Она твёрдо забирает у мужа из рук бокал с игристым, который тот за секунду до этого успевает снять с подноса официанта.

– Лучше б я опоздал… – закатывает глаза Пчёлкин и встаёт бок о бок с Верой в кругу из людей, наблюдающих за представлением.

Темноволосая макушка Нади со сложной высокой причёской мелькает вдали: в веренице пар она стояла почти в хвосте, а теперь находится ближе к выходу из парадного зала, чем к ним с Пчёлкиным. Но сердце у Веры всё равно трепетно сжимается при виде дочери, грациозно вышагивающей под руку со статным кавалером. Именитый оркестр отыгрывает неспешный ритм полонеза Огинского, и всё – даже дыхание у Веры в груди – замирает в благоговейном восторге.

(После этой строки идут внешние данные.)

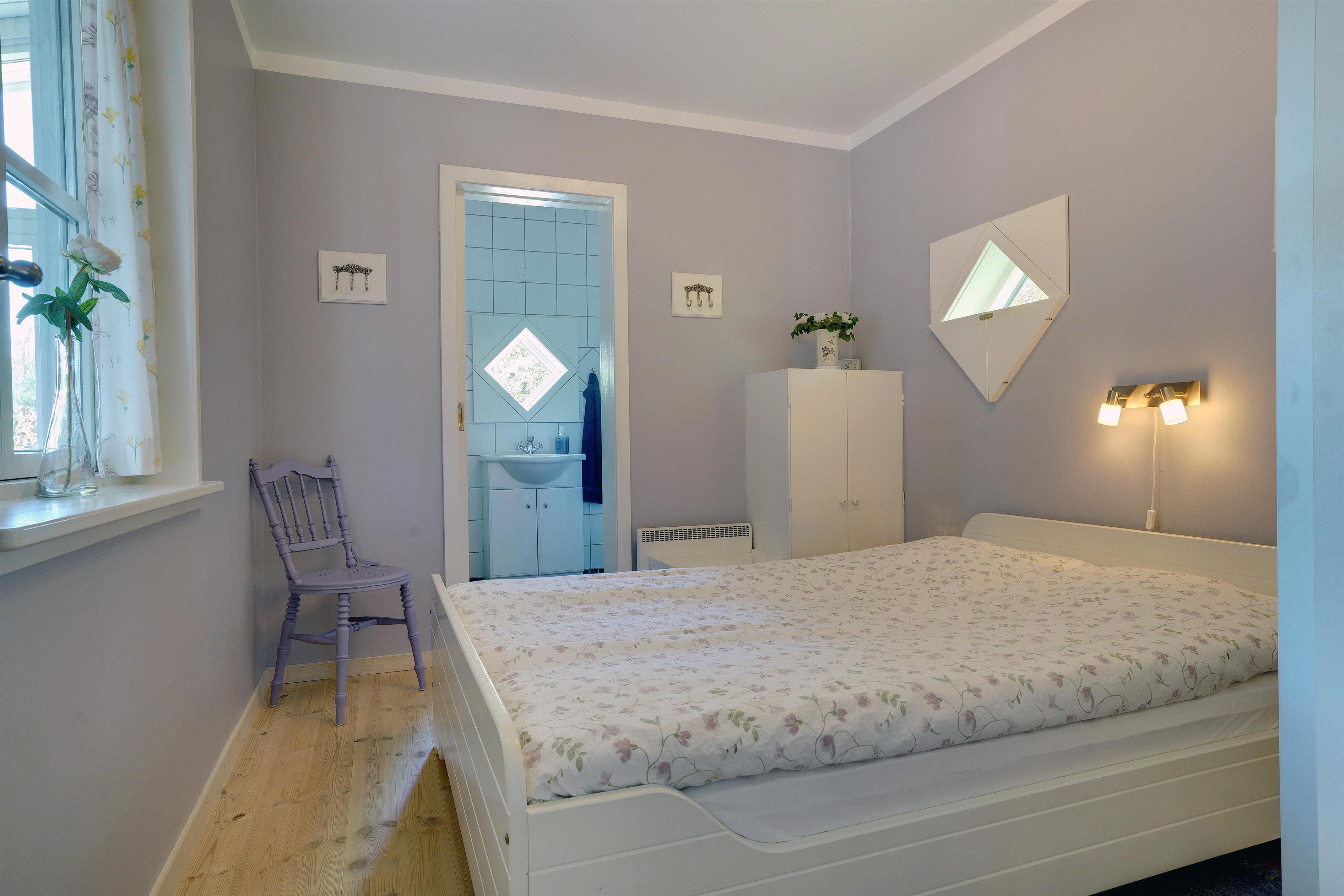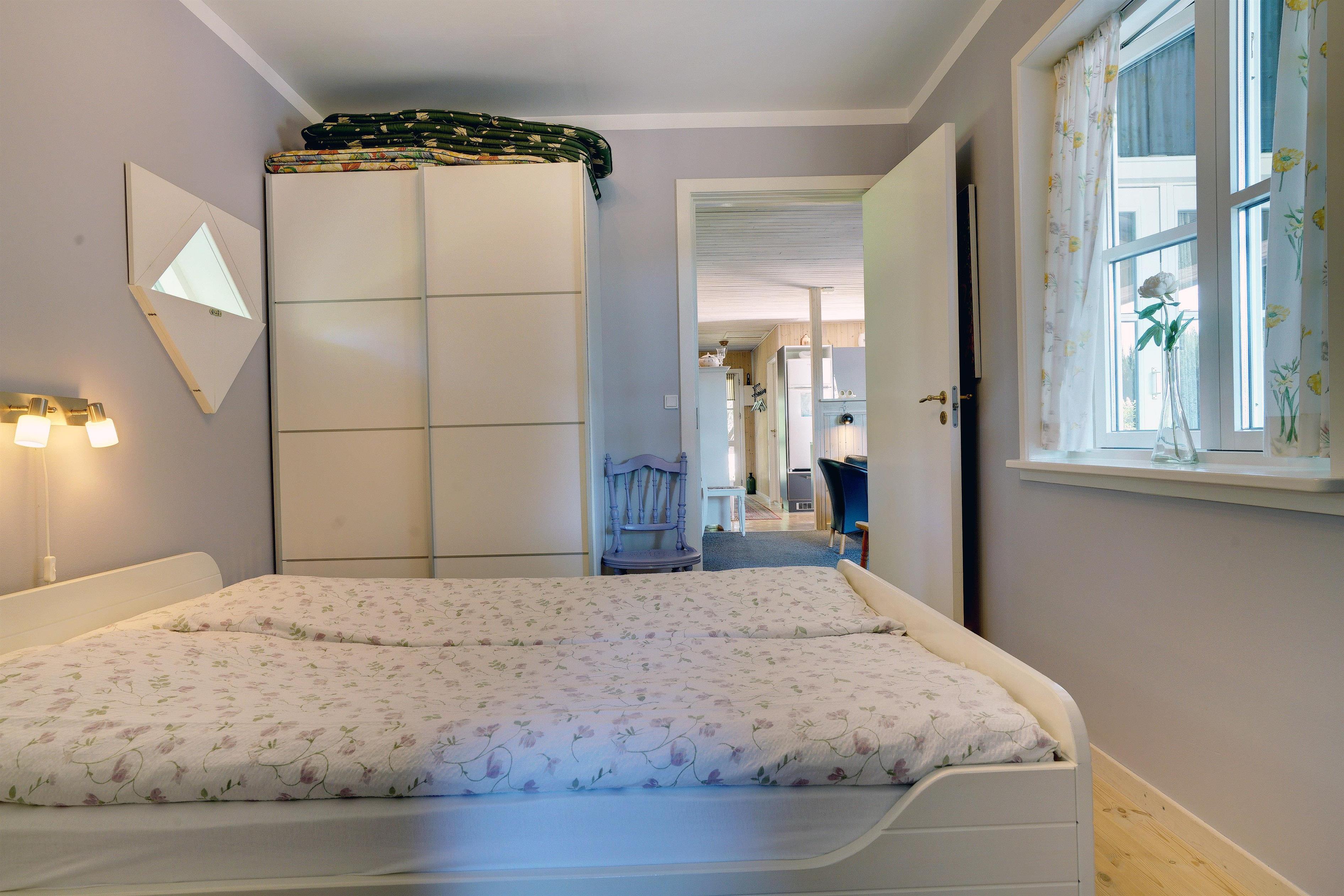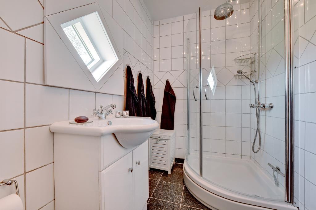 Huset er indrettet i 2 soveafdelinger med hver deres badeværelse med gulvvarme. Her findes 2 soveværelser med dobbeltseng og 1 værelse med 2 køjesenge. Der er vaskemaskine og tørretumbler.
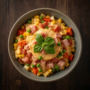 ماکارونی , خیارشور , فلفل دلمه , سبزیجات , ژامبون مرغ , مایونز , ادویه مخصوص
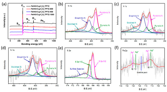 (a) XPS survey spectra of Fe/NS/C-g-C3N4/TPTZ and Fe/NS/C-g-C3N4/TPTZ-T (T = 800, 900, 1000); high-resolution N 1s spectra of (b) Fe/NS/C-g-C3N4/TPTZ-800, (c) Fe/NS/C-g-C3N4/TPTZ-900 and (d) Fe/NS/C-g-C3N4/TPTZ-1000; (e) high-resolution S 2p spectrum and (f) Fe 2p spectrum of Fe/NS/C-g-C3N4/TPTZ-1000.

Больше всего дочь похожа на принцессу – настоящую, красивую, благородную; Вера думает, что Надя просто упрямится, что она не может не проникнуться торжеством момента, что ей непременно всё это вот-вот понравится, как только схлынет напряжение от ответственности.

– Кажется, вы смогли организовать всё на высшем уровне, – даёт веский комментарий происходящему стоящий за Вериным плечом Разумовский. – Браво.

– Мы очень старались, – щебечет и улыбается ему Милочка.

Вере так и хочется съязвить в её адрес, но в присутствии знаменитой матери приходится сдерживаться и проявлять крайнюю благожелательность. Искренние чувства Вера успешно прячет под обворожительной улыбкой.

– Если всё так и пойдёт, как по маслу, то ваши успехи, Людмила, в головном офисе не оставят без внимания, – не стыдясь, любезничает с Милочкой Разумовский прямо в присутствии Веры.

Она ловит на себе цепкий взгляд Пчёлкина и молча пьёт шампанское, пока его рука ободряюще скользит по её спине.

– В жизни она и правда выглядит как курага, – едва слышно шепчет Пчёлкин Вере на ухо. – На фоне дочки особенно заметно.

– Рассматривай лучше свою дочку, а не её, – не спуская с лица натянутой улыбки, говорит Вера.

Выходит громче, чем ей бы того хотелось, потому что Милочкина голова с интересом поворачивается в их сторону, а Пчёлкин даже не пытается заглушить сорвавшийся с губ смешок: он не ощущает ни капли стыда.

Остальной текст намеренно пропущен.